Sharpening Jennings Bits

Generally speaking, Jennings bits are sharpened more often than necessary and the lives of many are considerably shortened by incorrect filing. Before sharpening, examine a bit carefully to see its profile, and try to keep this when filing.

Both lips of the bit should be filed equally. File them lightly with a smooth file or stone, removing as little metal as possible.

To sharpen the cutters, hold the bit with its screw nose resting on the bench and file the cutting edges on the underside only, i.e. with the file working through the throat of the bit. It is essential that the cutters are of the same height so that they cut chips of equal thickness.

To sharpen the spurs, hold the bit, nose uppermost, with its twist held firmly against the edge of the bench. File the inside of the spur. You should never file the outside as this reduces the clearance and causes binding and clogging when boring.

The cutter of a Scotch nose bit is sharpened in the same way as that of the Jennings nose bit.

Rest the bit on the bench with the screw lead facing downwards to sharpen the side wings. Work the file through the throat of the bit.

Sharpening Lamp Standard Augers

Take great care when sharpening lamp standard augers not to remove too much metal at the nose.

Hold the auger vertically in a vise. Using a dead smooth flat or knife-edge file, make two or three strokes flat on the lip of the nose. Usually, this is enough to restore the knife edge. Check that the center clearance is not obstructed - if necessary, draw the knife-edge file through to remove any burrs which have formed.

To sharpen the shell edges, hold the auger horizontally in a vise. Lightly oil a slipstone of a suitable radius, and move it forward inside the shell, twisting it to the left so that the leading edge of the auger is whetted.

Sharpen a Flat Bit

Sharpen a flat bit by placing it in a split block held in with a vise. Use a knife-edge dead smooth file or a small triangular stone to sharpen the forward cutting edges, maintaining the original angle and keeping the ground surface flat. Both edges should be sharpened equally. Sharpen the brad point if necessary, but maintain the centricity of the point by sharpening both its sides equally.

axes, mauls, and hatchets

To see the full steps and video, we strongly recommend visiting our guide on sharpening axes, mauls, and hatchets.

Axe and maul sharpening works best when the axe is locked in place. This way, both your hands are free to use the file for sharpening. With axes, your goal should be to get a clean, workman-like edge. That is, file away any dings or creases, until the cross section of the entire length of the edge looks simply like a vee. Keep sharpening until there are no flat spots along the edge.

To sharpen hatchets, your approach should be more indulging in the process than an axe.
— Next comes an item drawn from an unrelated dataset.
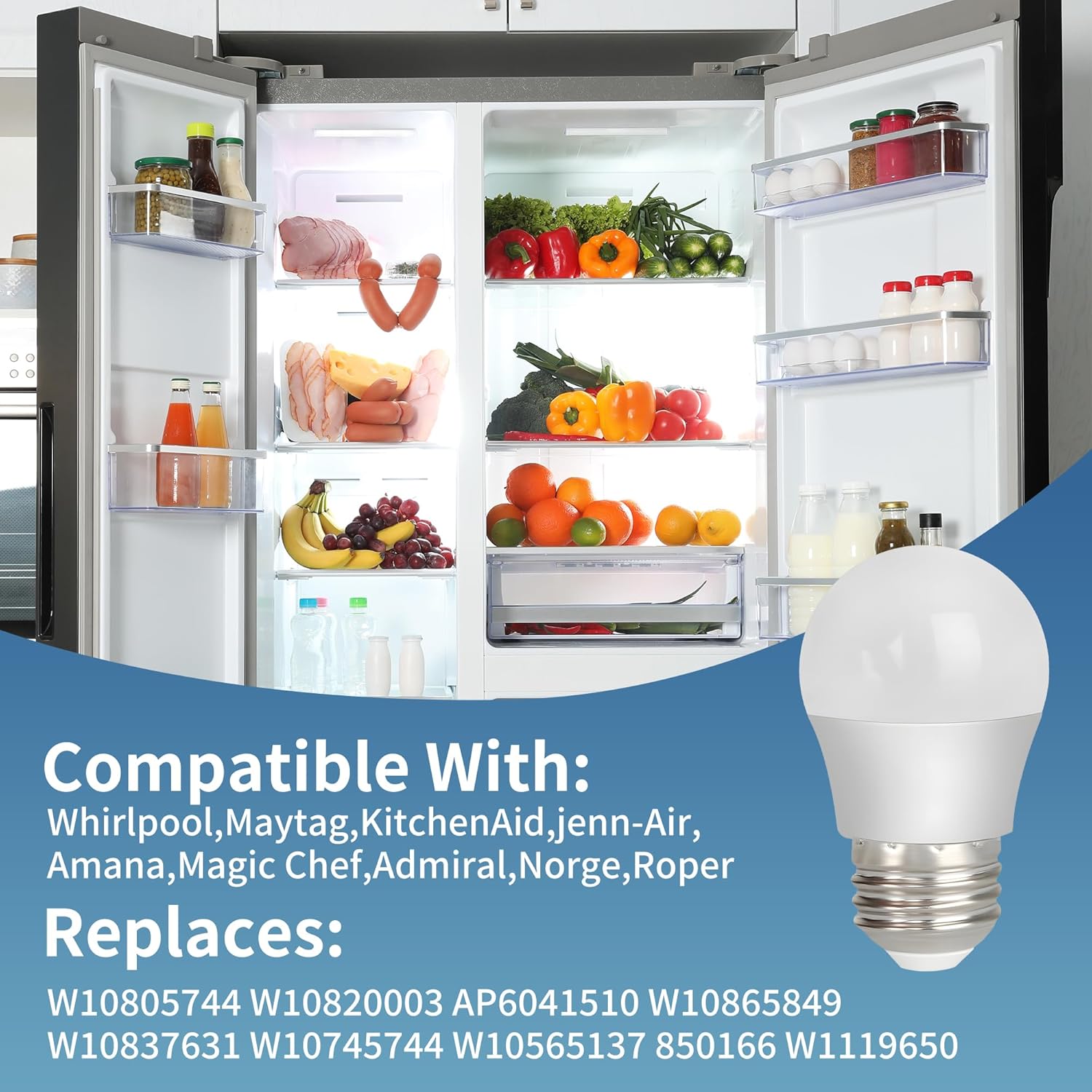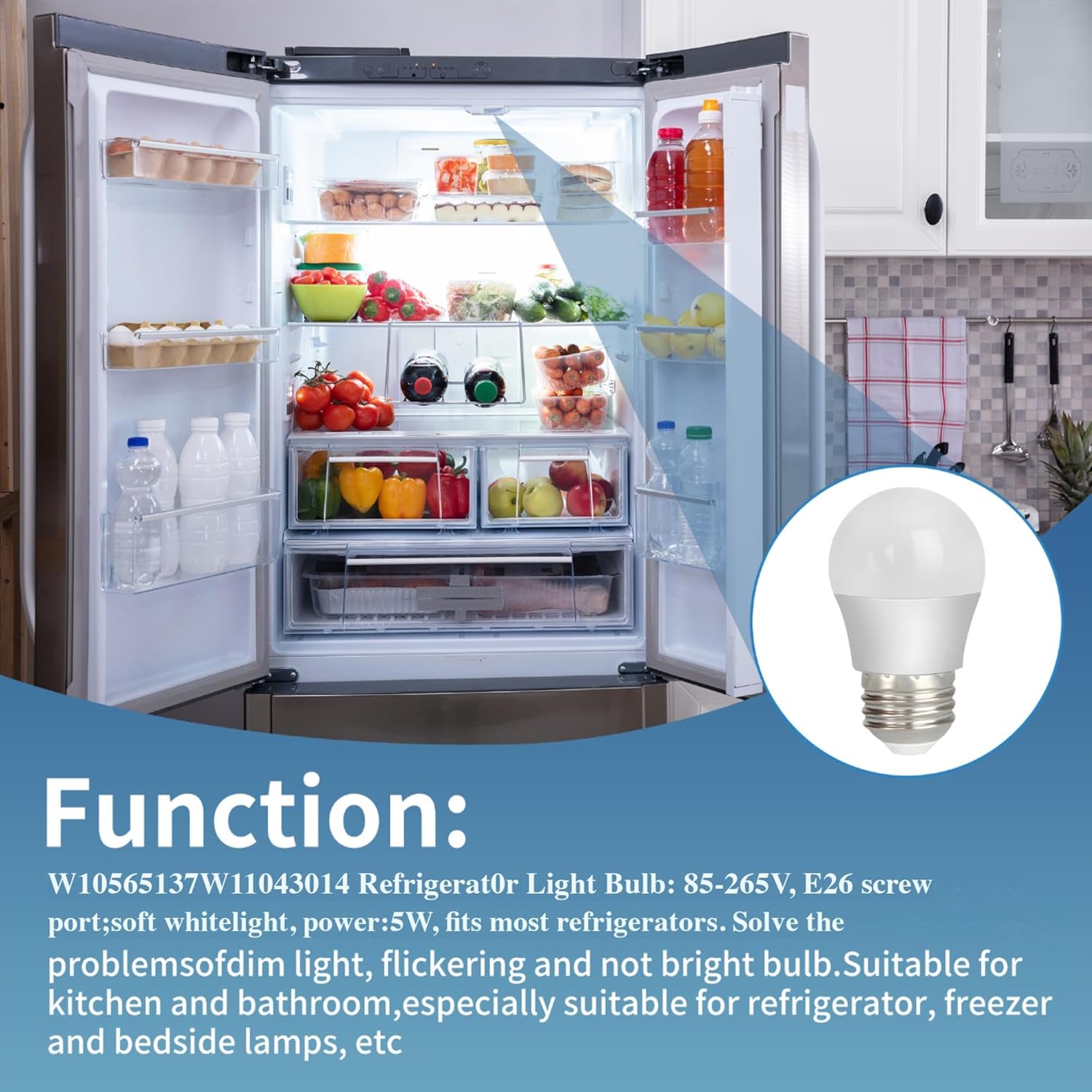 Widely Compatible:W11043014 W10745744 freezer light bulb for refrigerators compatible with Whirlpool,Maytag,KitchenAid,Jenn-Air,Amana,Magic Chef,Admiral,Norge,Roper,and others.Refrigerator LED Light Bulb replace W10805744 W10820003 AP6041510 W10865849 W10837631 W10745744 W10565137 850166 W11196500 W11338583

Since a hatchet is often used for more precise cutting jobs such as shaving tinder, splitting kindling, making stakes and shelters, and other camp craft, it can benefit from a much keener edge than an axe. We recommend a pair of stones that span from course to fine. In this case the double-sided diamond stone is 360/600 grit and the corundum waterstone is a 1000/3000 grit. As in sandpaper grit, the lower the number, the more aggressive the sharpening.